Después de la procesión, cuando terminó la misa y todos salieron a la calle, Giovanni y Nino se quedaron en la plaza con su padre, esperando que empezara la fiesta. Giuseppina y su abuela, en cambio, se alejaron y tomaron una calle empinada en dirección a la casa. Se cruzaron con una pareja de carabinieris, que miraron a Giuseppina con detenimiento. Sus quince años desbordaban su vestido con curvas y pliegues que a todos le llamaban la atención. Bellísima, la princesa pobre de la isla. Los carabinieris tampoco escaparon del hechizo.
-        Buen día, hermosa señorita – dijo uno.
-        Métanse en sus asuntos – gruñó la abuela.
Avanzaron unos pasos. A sus espaldas pudieron oír las primeras explosiones de los petardos que los niños arrojaban en honor a la Madonna. Giuseppina se detuvo, como si de esa forma pudiera oírlos mejor. La abuela, sobresaltada por el ruido y a punto de perder el equilibro, le pidió que siguiera andando.  
En la casa, Rosalía seguía acostada sin poder salir de la cama: obesa, sofocada, el pecho desnudo. Siempre con un niño en brazos. Al menos durante el último embarazo había recuperado la vida de sus senos, de los que ahora manaba una tibia leche que Peppino, su último hijo, se resistía a beber.

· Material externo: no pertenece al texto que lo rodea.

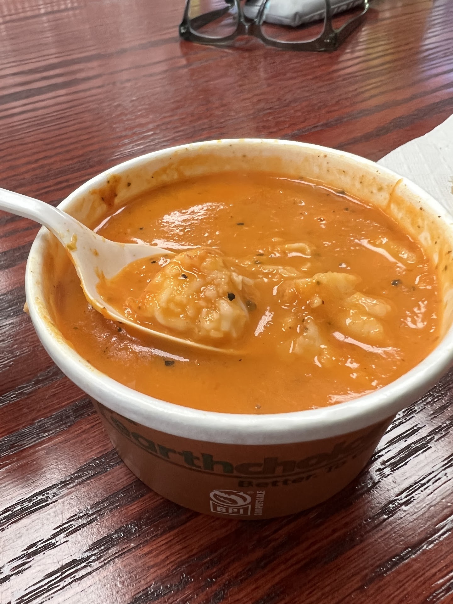 I'm a lobster bisque fan, so I ordered a cup of that as well. It was good but different. It's a roasted red pepper lobster bisque. It says spicy on the menu, but I didn't think it was. I'm glad I tried it. It had a very unique flavor. For me, the peppers just took over the flavor too much. It's still a good soup, though.

Giuseppina y su abuela entraron a la habitación. Al verlas, Rosalía les preguntó:
­    -  ¿Había mucha gente?
­  -    Menos que el año pasado, pero todos se estaban divirtiendo– dijo Giuseppina.
­  -    Cuando no hay que trabajar todos están contentos– contestó la abuela.

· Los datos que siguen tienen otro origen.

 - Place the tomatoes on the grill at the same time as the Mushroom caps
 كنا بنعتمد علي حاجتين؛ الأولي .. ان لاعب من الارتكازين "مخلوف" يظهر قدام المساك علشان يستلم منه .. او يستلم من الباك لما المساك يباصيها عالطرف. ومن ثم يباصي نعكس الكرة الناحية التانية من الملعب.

Giuseppina se acercó a su madre, y mientras acariciaba la pequeña mano de su hermano pequeño, dijo:
­  -    ¿Come?  
­  -    Poco…
­  -   Nunca quiere comer. Ese niño será demasiado débil, morirá – dijo la abuela al salir del cuarto.
Giuseppina miraba a su madre en silencio.
­ -    ¿Qué te pasa, Pina?  
­  -   Nada.
­-     Estás triste, como amargada – dijo Rosalía, acariciando el rostro de su hija.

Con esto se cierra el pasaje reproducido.